The AIPW ATE is \$8,120 — within \$200 of both the parametric teffects aipw ATE (\$8,019) and the PO ATE (\$7,937). The heterogeneity test now rejects more strongly (χ²(1) = 5.54, p = 0.019) than under PO (p = 0.043), consistent with AIPW’s higher efficiency when both nuisance models are well-specified. The AIPW IATE histogram (Figure 6) has the same right-skewed shape as the PO histogram but a slightly wider support — AIPW puts more mass in the tails because of the inverse-propensity correction, which is the visual signature of the overlap-sensitivity warning above. The AIPW education slice (Figure 7) is essentially identical in shape to the PO version: a broadly flat profile around the average. Across estimators, the substantive story does not change.

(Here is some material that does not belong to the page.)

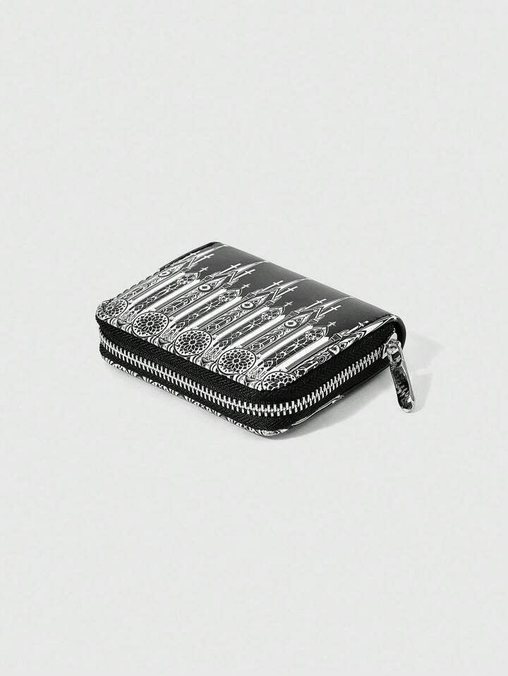 Goth 1 Pieza Monedero con cremallera y diseño compacto con patrón de rosa, cartera minimalista para mujer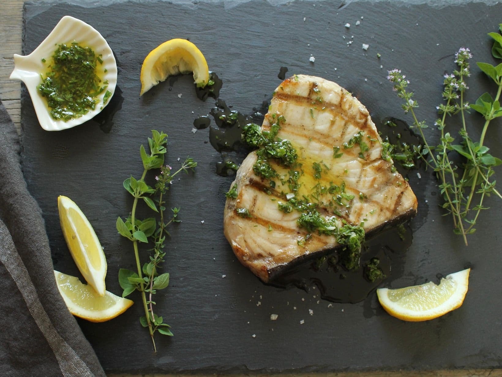 Rich and meaty swordfish steaks are perfect for this classic preparation. The fish is grilled then immediately marinated in a lemony garlic and herb dressing. The heat allows the marinade to penetrate just enough to infuse flavor and balance the richness of the fish. For pan-searing, see Pro Tips below.

10. The smooth income gradient: estat series
categraph iateplot showed the CATE as a function of one variable with the others fixed at reference values. estat series is a complementary view — it fits a flexible smoother (cubic B-spline by default) of the predicted effect against one continuous covariate, marginalizing over the joint distribution of the others. For continuous variables like income this gives the cleanest “dose-response” picture.
estat series income if income <= 150000, graph knots(5)
graph export "stata_cate_series_income.png", replace width(1200)
Nonparametric series regression for IATE
Cubic B-spline estimation Number of obs = 9,884
Number of knots = 5
------------------------------------------------------------------------------
| Robust
| Effect std. err. z P>|z| [95% conf. interval]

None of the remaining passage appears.